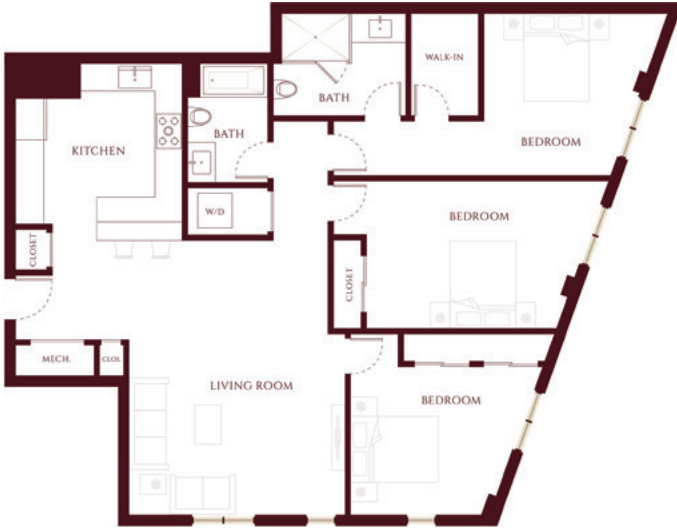
THREE BEDROOM UNIT 14-D
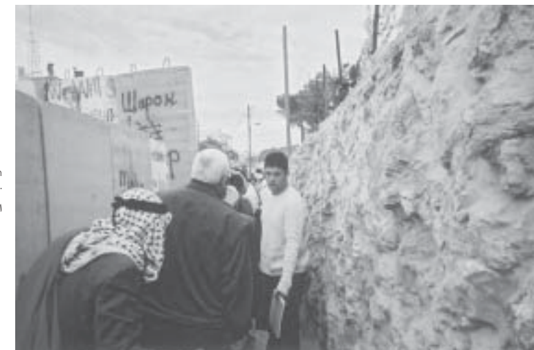
"Dozens of people walk through an opening several inches wide. الناس بالعشرات والفتحة بالسنتيمترات

Data were gathered from the 110 compositions and 19 personal narratives of the 172 girls and boys who participated in focus groups and discussions concerning the Wall. Out of these discussions, the following recurring themes were recorded, and responses were arranged according to these themes. In addition, photographs were taken and captioned by girls, as they themselves proposed. (Due to security concerns, we feared asking boys to do the same.)
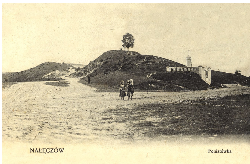
Fig. 2. Poniatowski Hill in Nałęczów in the postcard at the turn of the 19th and 20th century, unknown author

Upon the hill, 297 trees have been found (fig. 3). They belong to 16 taxons and the most common ones are: Acer platanoides , Pinus sylvestris , Populus canescens , and Betula pendula , Fraxinus excelsior , Alnus glutinosa , Robinia pseudoacacia , Tilia cordata , Quercus robur . There are 5 species of shrubs: Symphoricarpos albus , Juniperus communis , Padus avium , Sambucus nigra , and Prunus cerasifera . Due to the significant density of self-seeding trees, the species composition of the undergrowth is quite poor. According to the research results, the ground cover consists largely of ruderal species and a small proportion of dry-ground forest plants.

• • • •

- _PROBLEM DETAILS_:
Set down exactly, and only, the lines from the one holding "Data were gathered" to the end of the records above, leaving every picture out.

- _EXPECTED ANSWER_:
Data were gathered from the 110 compositions and 19 personal narratives of the 172 girls and boys who participated in focus groups and discussions concerning the Wall. Out of these discussions, the following recurring themes were recorded, and responses were arranged according to these themes. In addition, photographs were taken and captioned by girls, as they themselves proposed. (Due to security concerns, we feared asking boys to do the same.)
Fig. 2. Poniatowski Hill in Nałęczów in the postcard at the turn of the 19th and 20th century, unknown author

Upon the hill, 297 trees have been found (fig. 3). They belong to 16 taxons and the most common ones are: Acer platanoides , Pinus sylvestris , Populus canescens , and Betula pendula , Fraxinus excelsior , Alnus glutinosa , Robinia pseudoacacia , Tilia cordata , Quercus robur . There are 5 species of shrubs: Symphoricarpos albus , Juniperus communis , Padus avium , Sambucus nigra , and Prunus cerasifera . Due to the significant density of self-seeding trees, the species composition of the undergrowth is quite poor. According to the research results, the ground cover consists largely of ruderal species and a small proportion of dry-ground forest plants.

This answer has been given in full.